The history of electricity in America involved a lot of people and many important dates. Each of them is well worth mentioning here so that you can understand how the history of electricity developed to the point that we now know it today.
Benjamin Franklin’s Contribution
The history of electricity started with Benjamin Franklin’s experimentations. He actually sold off all of his belongings so he could conduct and document these experiments. His electric experiments included flying his kite with a wet string attached to a key in a storm. By doing so, he watched sparks fly off of the kite onto his hand. This was the beginning of the history of electricity, because he was able to understand that lightning is a natural type of electricity.
Alessandro Volta’s Contribution
In 1800, the history of electricity was changed by Alessandro Volta’s invention of the electric cell. This made it easier for scientists to study electricity and its applications. It also changed the history of electricity, because these scientists learned that by connecting two of these cells together they created the first battery ever.
Alexander Graham Bell’s Contribution
Although people relate Alexander Graham Bell with the invention of the telephone, he also worked with deaf students. As their teacher, he grew fascinated with different ways of transmitting sound. It’s through these experiments that he started using electricity. Here, through his work in electricity, we eventually were given the telephone.
Thomas Doolittle’s Contribution
After Michael Faraday changed the history of electricity by discovering that you can create electricity by passing magnet through an ordinary copper wire, Thomas Doolittle changed the history of electricity by creating the first telegraph wire. This was simply a strong, hand drawn, copper wire. Nonetheless, this change enabled American power plants to generate electricity for customers throughout the United States. It’s the same principle behind the electric generator – converting mechanical energy into electricity.
Thomas Edison’s Contribution
Another major player in the history of electricity was Thomas Edison. He invented many gadgets, but he’s best known for inventing the light bulb. His biggest challenge here laid in finding the right material for the filament. Eventually, he settled on carbon soaked cotton thread though – the carbon stopped the cotton thread from catching on fire as it glowed when electricity flowed through it.
Once Edison’s light bulb caught on, he continued on to make other advancements in the history of electricity. Next in line was the development of power plants that ran the light bulbs. The first one started supplying electricity to 85 customers within one square mile of his plant in New York City in 1882. This was because before 1895 only DC (direct current) was available. However, electricity changed again in 1895 when AC (alternating current) was created. Now, for the first time in history you could transport power over 200 miles from the power plant in Niagara Falls.

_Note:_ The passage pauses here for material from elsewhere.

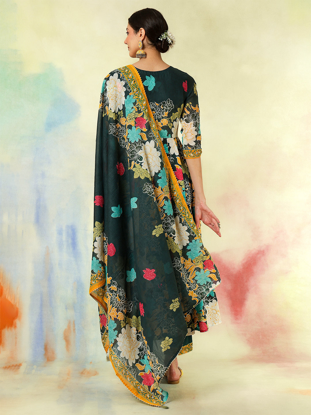 Green Cotton Flared Printed A-Line 3/4 Sleeves Round Neck Kurta Suit Set

Major Turning Points in America’s History of Electricity
Now that you know about the people who were involved with the history of electricity, you’ll also want to put this together based on the timeline of major events that helped us make electricity as we know it today. These events include:
- In 1893 the Columbian Exposition in Chicago displayed recent inventions from the history of electricity – including 5,000 arc lights, 90,000 incandescent lamps, three cranes, water fountains, a moving sidewalk, elevators, and General Electric’s street car.

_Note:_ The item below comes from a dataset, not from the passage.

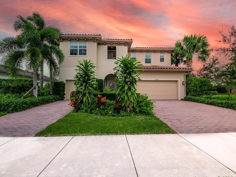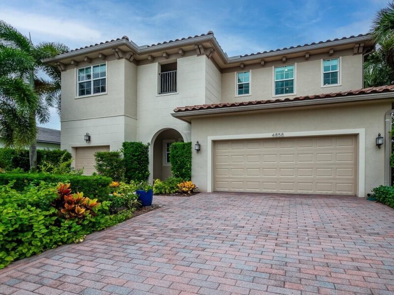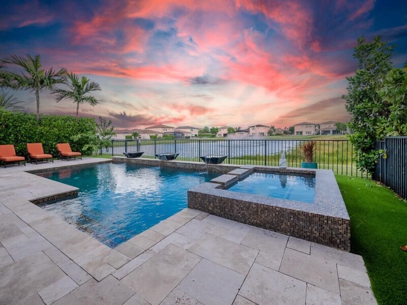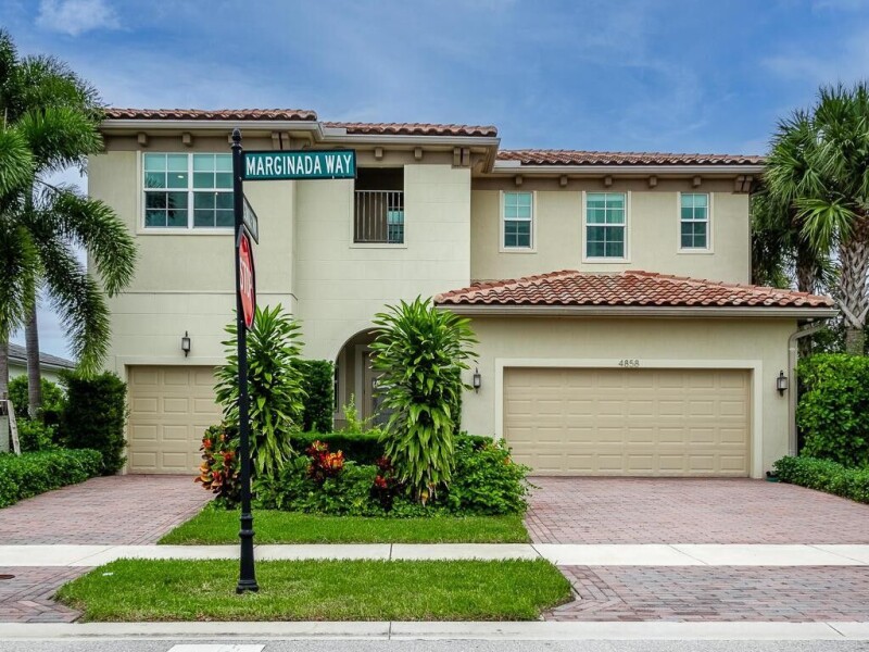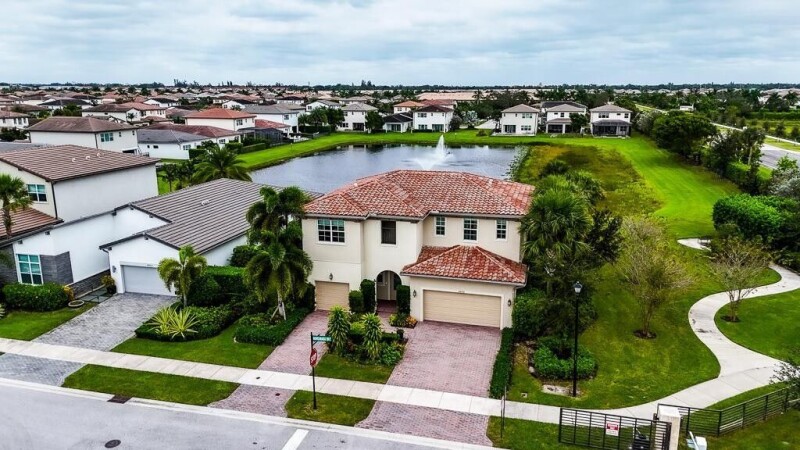 Exquisite builder model home available! This stunning, like new home, (built in 2017 in Andalucia) boasts 5 bedroom-PLUS a huge upstairs loft, 4.5 bathroom property has premium upgrades and luxurious features. A gated entry leads to a corner premium lot with a serene lake view, pool, fountains and oversize side yard . Notice the split driveway -3 car garage and double paved driveway. Inside, enjoy 10' ceilings, wood flooring, and smart home capabilities. Control multiple features by the touch of your phone! The kitchen is equipped with high-end stainless steel appliances, gas stove, a double oven, an immense walk-in pantry, and an inviting island. The laundry area is off to the kitchen and includes front loader washer/dryer, granite countertops, sink & cabinets.

- In 1901 the Pan-American Exposition was held in Buffalo, NY showcasing the history of electricity as its theme. Displays included a 400-foot tall electric tower, 40,000 lights, and an “Electricity Building” featuring lots of electrical appliances.
- General Electric and Westinghouse became the two largest electrical companies in history. Smaller electricity companies also started springing up. However, it was General Electric and Westinghouse that played the largest role in the history of electricity with their use of fossil fuel combustion and steam.
Growth Throughout the History of Electricity
Throughout the first 30 years of the twentieth-century electricity’s demand grew by 12% yearly. We’re still making history today, because we’re now implementing renewable sources that supply us with the electricity that we need. Many people are also using solar power, hydropower, and wind power – all of which are other ways that we’re creating the history of electricity. These new ways of creating power and electricity will also help protect our environment as well.
Although electricity was slow to catch on in America, it’s now a part of our daily existence that we don’t even think much about. Instead of fearing the electric current, now we feel as though we can’t live without it. This is the history of electricity as we know it today.